Side Effect Patterns in a Crossover Trial of Statin, Placebo, and No Treatment
James P Howard, Frances A Wood, Judith A Finegold, Alexandra N Nowbar, David M Thompson, Ahran D Arnold, Christopher A Rajkumar, Susan Connolly, Jaimini Cegla, Chris Stride, Peter Sever, Christine Norton, Simon A M Thom, Matthew J Shun-Shin, Darrel P Francis - Journal of the American College of Cardiology, 2021
Among patients who had stopped statins because of side effects, most statin-attributed symptoms were nocebo. Mean daily symptom intensity did not differ significantly between statin (16.3) and placebo (15.4) months (P=0.39), but both were markedly higher than no-tablet months (8.0, P<0.001), indicating symptoms were driven by the act of taking a tablet rather than the statin itself. The nocebo ratio was 0.90, meaning about 90% of the symptom burden on a statin was also experienced on placebo.

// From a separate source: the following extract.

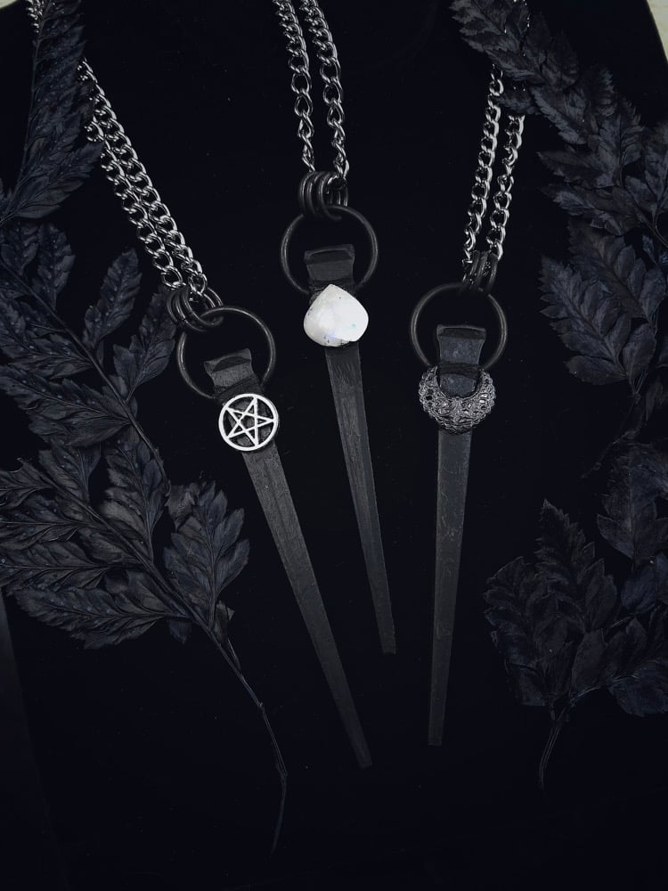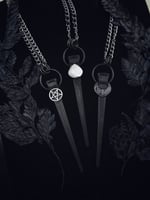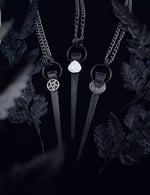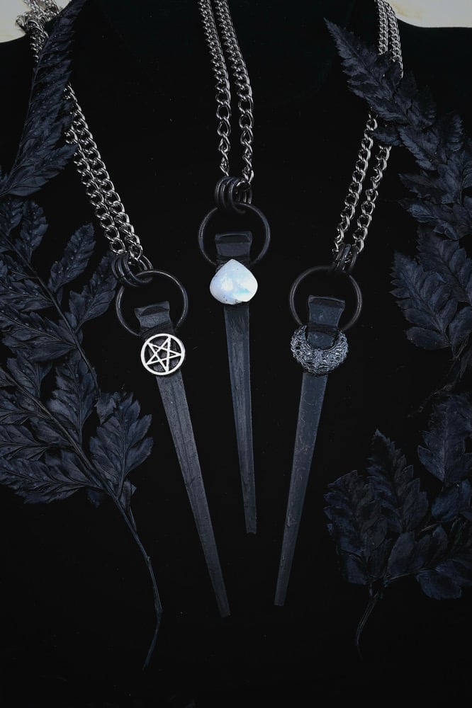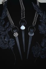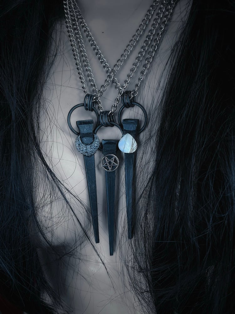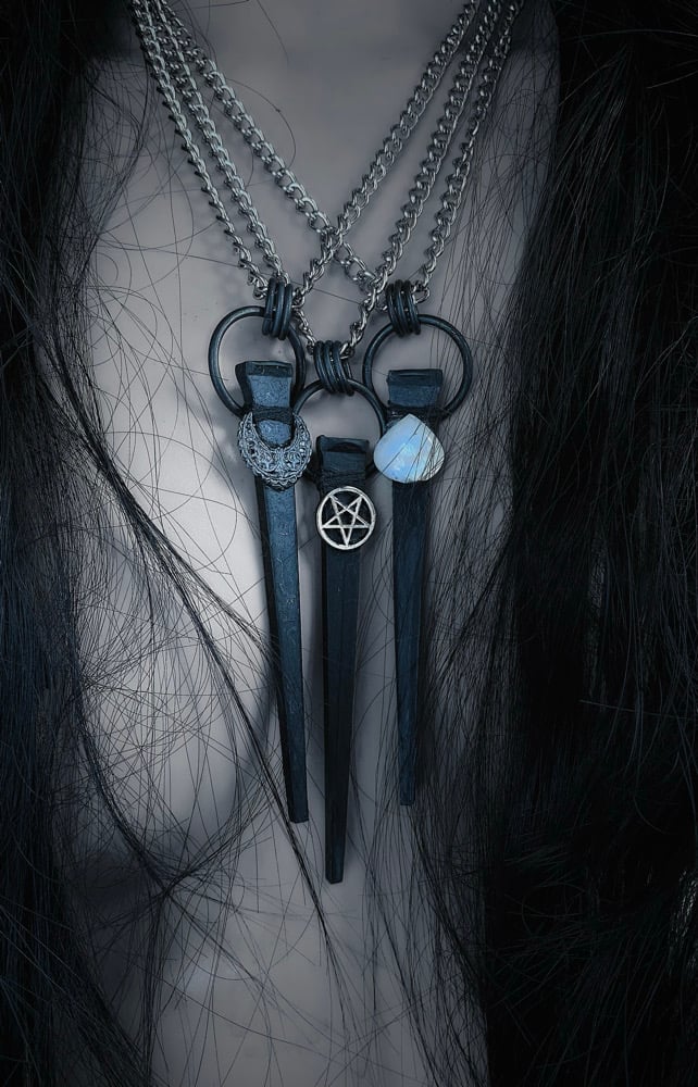 Set of 3 (or individual) antique coffin nails with moonstone, pentagram, and moon. All on heavy sterling silver chain, these have weight to them. Perfect for your small coven ✨
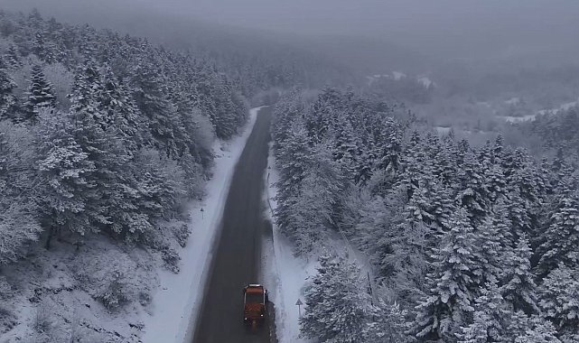 Karabük'te yüksek kesimlerde etkili olan kar yağışıyla birlikte beyaza bürünen ormanlık alanlar dronla görüntülendi.Sabah saatlerinde başlayan kar yağışı, özellikle kentin yüksek rakımlı bölgelerinde etkili oldu. Karabük-Bartın kara yolunun bin 30 rakımlı Ahmetusta Geçidi'nde yağışla birlikte ormanlık alanlar beyaz örtüyle kaplandı.Kar yağışı ve sisin etkili olduğu bölgede oluşan manzara havadan görüntülenirken, Karayolları ekipleri de ulaşımda aksama yaşanmaması için kar küreme ve tuzlama çalışması gerçekleştirdi.

This record is the open-access detailed analysis of the SAMSON trial (first reported as a brief letter, Wood et al., NEJM 2020), used here because its figures are publicly verifiable.
Key findings
- Among 60 patients (49 completed) who had previously stopped statins for side effects, mean daily symptom intensity was 8.0 during no-tablet months, 15.4 during placebo months, and 16.3 during statin months.
- There was no significant difference between statin and placebo months (16.3 vs 15.4, P=0.39), but both were markedly higher than no-tablet months (P<0.001).

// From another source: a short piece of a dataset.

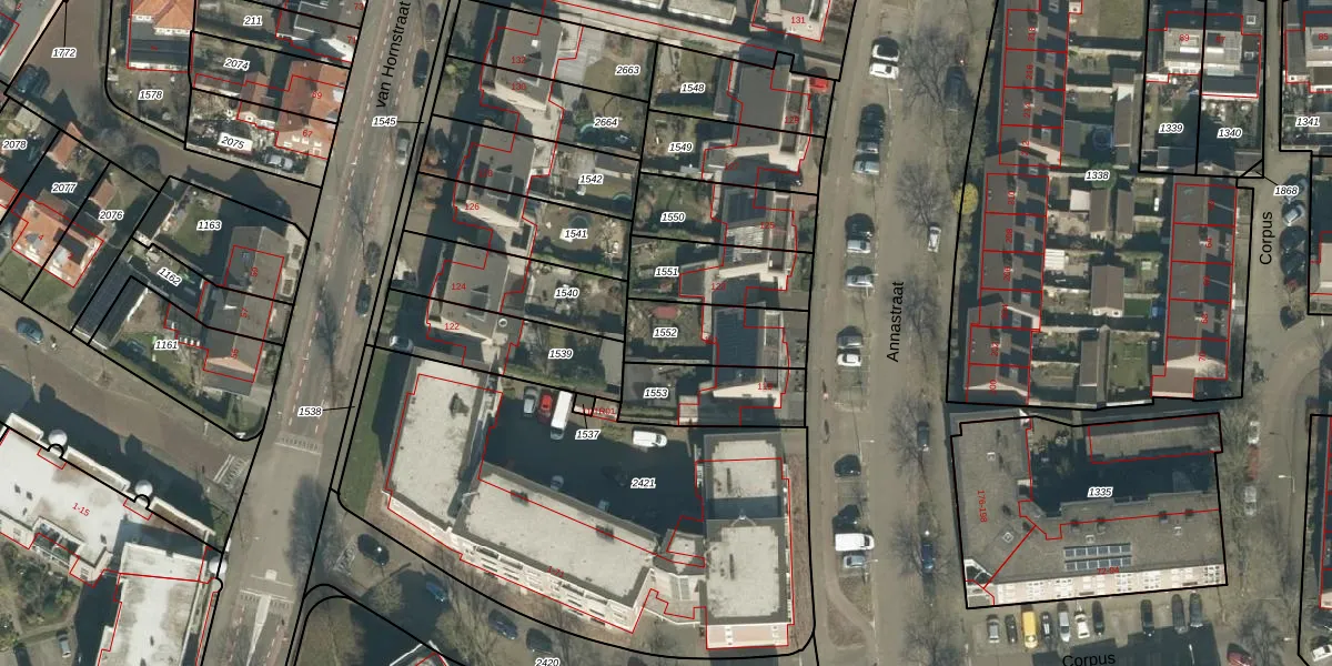 Gebruik de zoekbalk of klik op een perceel om informatie over het perceel te bekijken.

- The nocebo ratio was 0.90, meaning about 90% of the symptom burden experienced on a statin was also experienced on placebo.
- Symptoms tracked the act of taking a tablet rather than the statin pharmacology, supporting a largely nocebo explanation for statin-attributed side effects.
Effect measures
- Other: Nocebo ratio 0.90 (about 90% of statin-attributed symptom burden also occurred on placebo)

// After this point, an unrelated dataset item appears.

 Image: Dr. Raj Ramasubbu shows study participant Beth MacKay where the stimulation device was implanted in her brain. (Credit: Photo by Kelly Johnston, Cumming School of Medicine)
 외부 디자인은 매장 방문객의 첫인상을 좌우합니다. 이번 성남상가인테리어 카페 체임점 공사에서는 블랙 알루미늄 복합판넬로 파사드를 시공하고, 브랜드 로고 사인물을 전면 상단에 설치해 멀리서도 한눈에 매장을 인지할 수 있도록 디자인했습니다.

- Other: Statin 16.3 vs placebo 15.4 mean daily symptom intensity (0-100 scale); difference not significantstatin 95% CI 13.0-19.6; placebo 95% CI 12.1-18.7; P=0.39
- Other: No-tablet 8.0 vs tablet (placebo or statin); both tablet arms significantly higherno-tablet 95% CI 4.7-11.3; P<0.001
Why this evidence tier (Moderate)
- Risk of bias:
- Randomized, double-blind n-of-1 crossover with placebo and no-treatment arms and app-based daily symptom capture - a rigorous within-patient design.
- Precision:
- Small sample (60 enrolled, 49 completed); the central estimate is clear, but the modest size contributes to the moderate rather than high tier.
- Directness:
- Directly measures whether statin-attributed symptoms exceed placebo, in exactly the patient group that had stopped statins for side effects.
- Consistency:
- Concordant with StatinWISE (Herrett 2021) and the broader statin nocebo literature.
- Funding / COI:
- Funded by the British Heart Foundation (PG/15/7/31235), which had no role in design, data collection, analysis, interpretation, or writing; individual author support from the Wellcome Trust (Howard), the NIHR (Nowbar), and the MRC (Rajkumar). The open-access paper states all other authors reported no relationships relevant to its contents, and no author reported a statin or pharmaceutical-company relationship - a clean COI profile, verified verbatim against the PMC full text.
Moderate certainty that most symptoms patients attribute to statins are nocebo - elicited by taking a tablet rather than by the drug - in patients who had previously discontinued for side effects.
- Population:
- 60 patients (49 completed) who had previously discontinued statin therapy because of side effects that had occurred within 2 weeks of starting treatment. Each took 12 one-month bottles (4 atorvastatin 20 mg, 4 placebo, 4 empty) in random sequence, reporting daily symptom intensity via a smartphone app.
- Conflicts of interest:
- Disclosure (verbatim, open-access paper): "All other authors have reported that they have no relationships relevant to the contents of this paper to disclose." No author reported a relationship with a statin or pharmaceutical company. Funded by the British Heart Foundation, which had no role in the study; individual fellowships from the Wellcome Trust, the NIHR, and the MRC. No retraction or erratum was found.
- Funding:
- British Heart Foundation (PG/15/7/31235), with no role in the study; individual author fellowships from the Wellcome Trust, the NIHR, and the MRC.
Limitations
- Small sample (60 enrolled, 49 completed), limiting precision.
- Enrolled only patients who had already stopped statins for side effects, so results may not generalize to all statin users.
- The trial was first reported as a brief NEJM letter (2020) without a formal abstract; the detailed figures used here are taken from the open-access JACC analysis (2021) of the same trial.